Старик шел с гордо поднятой головой. С утра он не отходил от радио — хотел услышать новости. В немецком коммюнике было столько сомнительного оптимизма, что незавидное положение фашистских армий становилось очевидным.
Старый коммунист чувствовал, как сердце мучительно подсказывало ему, что у него нет сил выполнить волю мысли.
— Еще немного, миленькое! Еще! Переживай все — я не прошу, чтобы миновала меня горькая чаша. Я хочу дождаться возмездия за тысячелетние страдания. Держись, упорствуй, сердце! Не будь камнем! Будь старым добрым учительским сердцем, тесняцким сердцем, которое удваивает страдания, но осиливает их! Не лишай надежды!
Он позвонил, хотя услышал в прихожей какой-то подозрительный шум. Оказавшись лицом к лицу с агентом, не отвел взгляда.
— Чего уставился, старый хрыч! — не выдержал агент. — Сейчас намылим веревку для твоего большевистского выродка!
— Диоклетиан называл старых христианских апостолов дьяволами, а Юстиниан приравнивал их к богу.
Агент бряцал наручниками и говорил:
— Да ты, оказывается, знаток церковных дел, старый хрыч! Вспомни «Отче наш» — в Дирекции полиции тебе придется читать его с начала до конца и наоборот!
Полицейские потащили его по коридорам, мимо следственной комнаты. Начались побои. Старику сказали, что Эмил будет доставлен из больницы. Совершенно случайно одни тюремщик увидел его лежащим в камере на полу.
Дед Никола не мог понять этих тюремных служителей Эскулапа, которые старательно отгоняли от самоубийц приближающуюся смерть, чтобы передать их в руки убийц.
Полицейский фельдшер склонился над избитым стариком и вогнал ему в руку шприц.
— Немножко кофеина, старый хрыч. Ты еще понадобишься.
Дед Никола убедился, что и последнее, чего он ждал, замирая от ужаса, и чего боялся больше всего, должно случиться. Он не умрет. Боль от кофеина в руке и пульсирующая сила в сердце больше нужны были мысли и воле, чем телу. Часто встречавшийся со смертью легче принимает ее.

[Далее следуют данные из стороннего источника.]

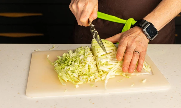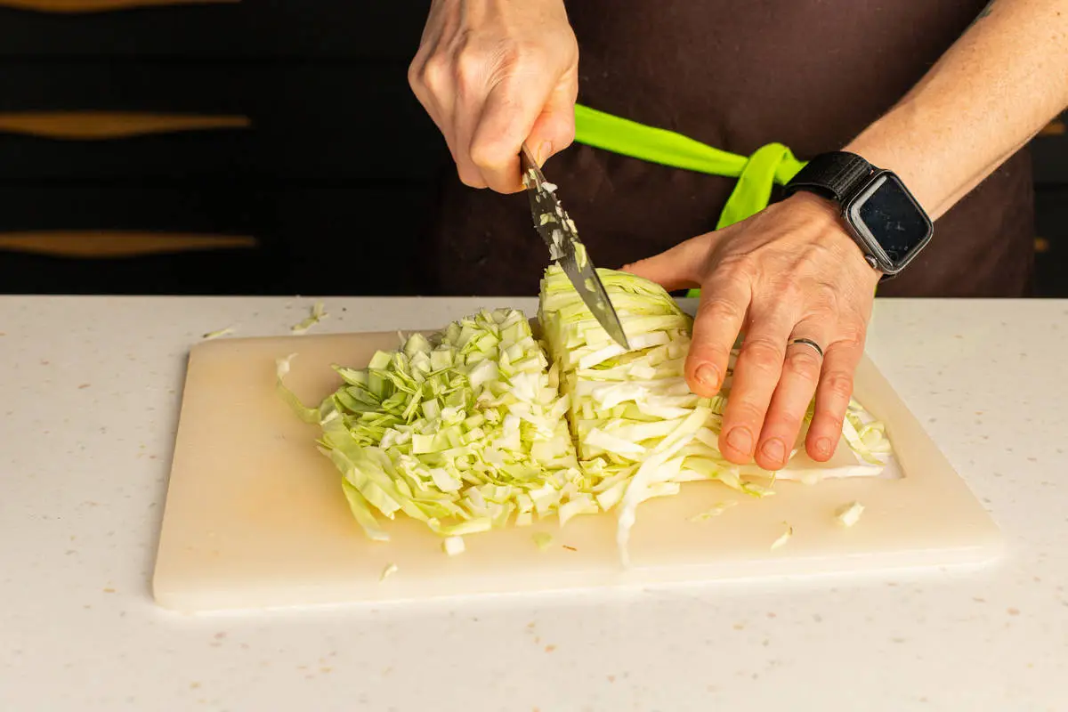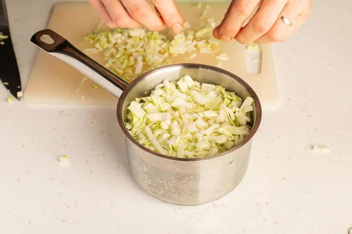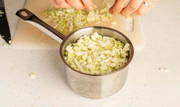 Вскипятите кастрюлю воды. Капусту нашинкуйте.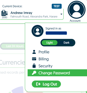 Once logged in, navigate to the top right side of your screen and select the account icon (labelled "Account") and click on Change Password.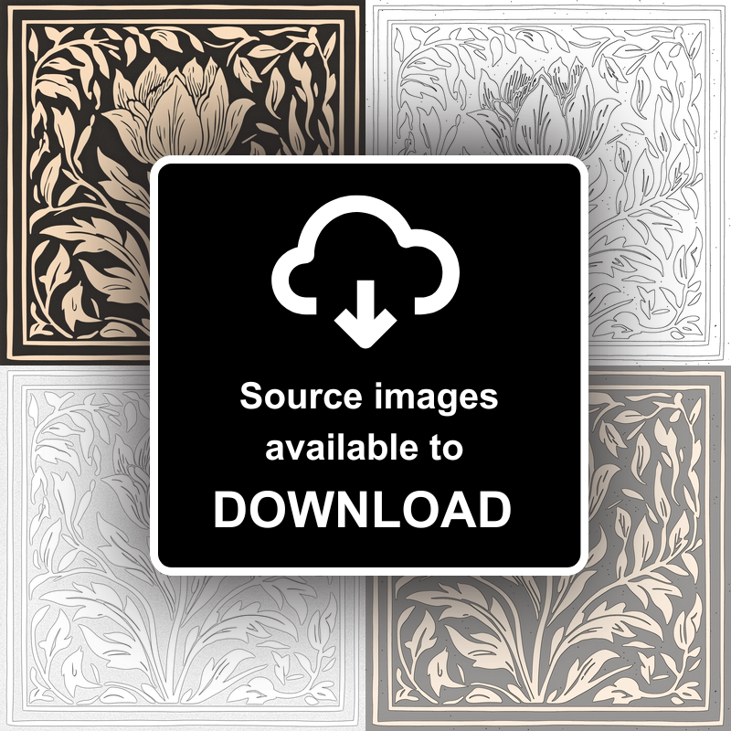 Available in two sizes, 36cm and 46cm square, these prints come framed in your choice of either black or white, ensuring they complement any room and style. For those creative spirits, we offer a unique option to purchase and download the source images, including detailed line drawings and sketches, enabling you to bring this artwork to life with your own lino printing projects.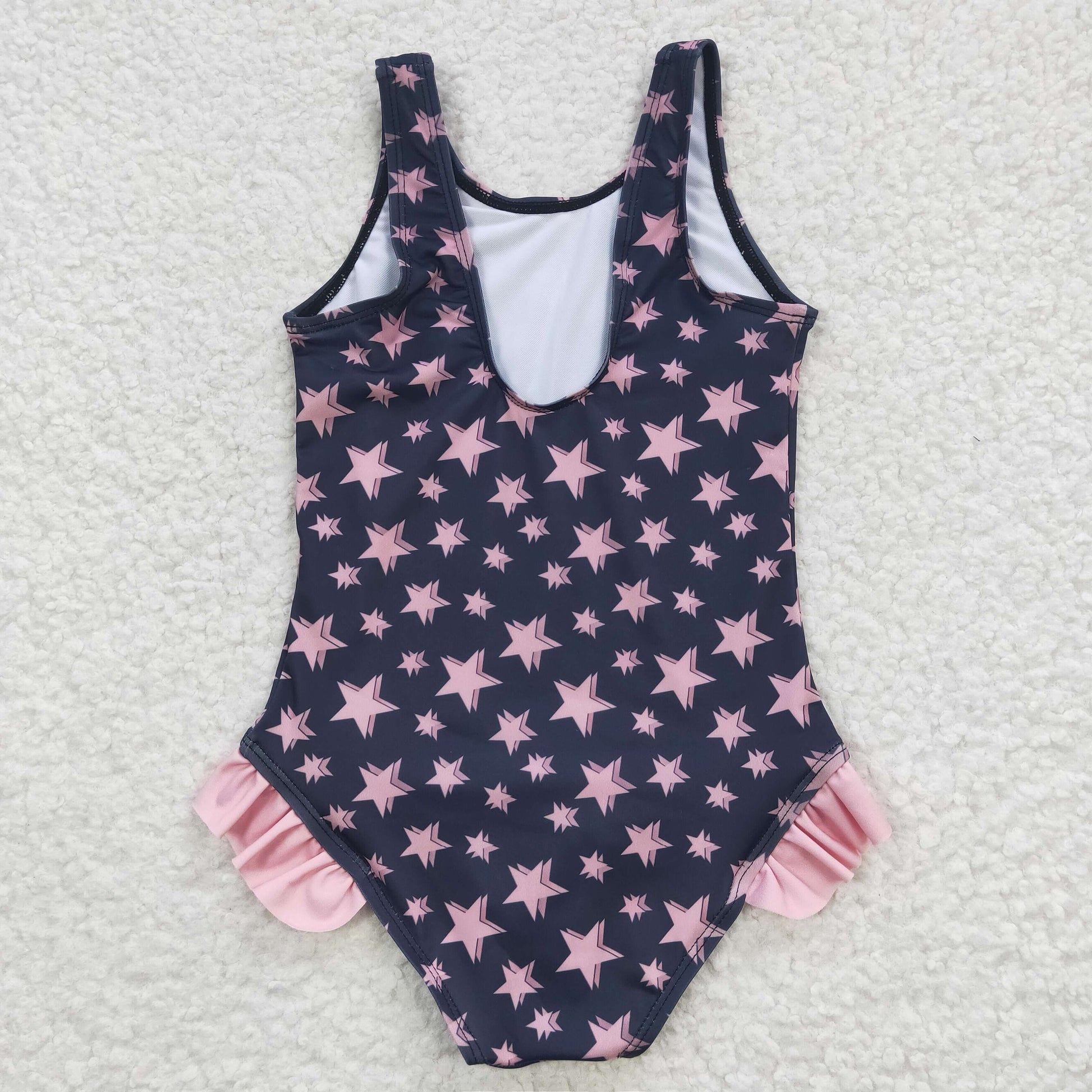 Girls pink star print swimsuit S0048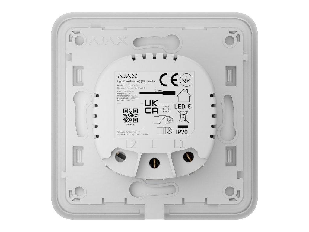 Ajax LightSwitch Dimmer Jeweller je chytrý dotykový nástěnný stmívač pro osvětlení určený pro vnitřní instalaci.

— Что смотришь, гад! — услышал дед Никола. Он повернулся, вытер рукавом кровь с губ. Это был Гешев.
— Мне вспомнился псалом пятьдесят девятый.
Гешев был доволен.
— Молишься уже… Отведите его ко мне в кабинет! — И с этими словами вышел.
Дед Никола оттолкнул жандарма и зашагал. Каждый шаг отдавался болью. Тело оцепенело.
— Помогите ему встать вон там, — распорядился Гешев. — Теперь споешь мне пятьдесят девятый псалом? И я спою с тобой.
— Спою.
— Ты ведь коммунист, безбожник. Зачем ты выучил его?
— Из любопытства.
Зачем объяснять ему, что в длительной борьбе с церковью он выучил наизусть многие строки псалмов. Его познания в области теологии были оружием, стрелявшим метко.
— Это псалом Миктама Давидова, когда Саул вел стражу, чтобы убить Давида.
— Что? Что? — уставился Гешев на старика. — Что ты там бубнишь о Давиде и Сауле?
— Ничего. Так начинается псалом. — Голос старого учителя стал твердым. Гешев облокотился на свой письменный стол, словно не смея остановить старика. — Я перескажу тебе его вкратце. Избави меня от врагов моих, бог мой; избави меня от деятелей беззаконий… потому что они ловят мою душу… и не помилуй никого из льстивых преступников… Они воют как псы и ходят вокруг города… уничтожь их гневом, уничтожь, чтобы никогда больше их не было…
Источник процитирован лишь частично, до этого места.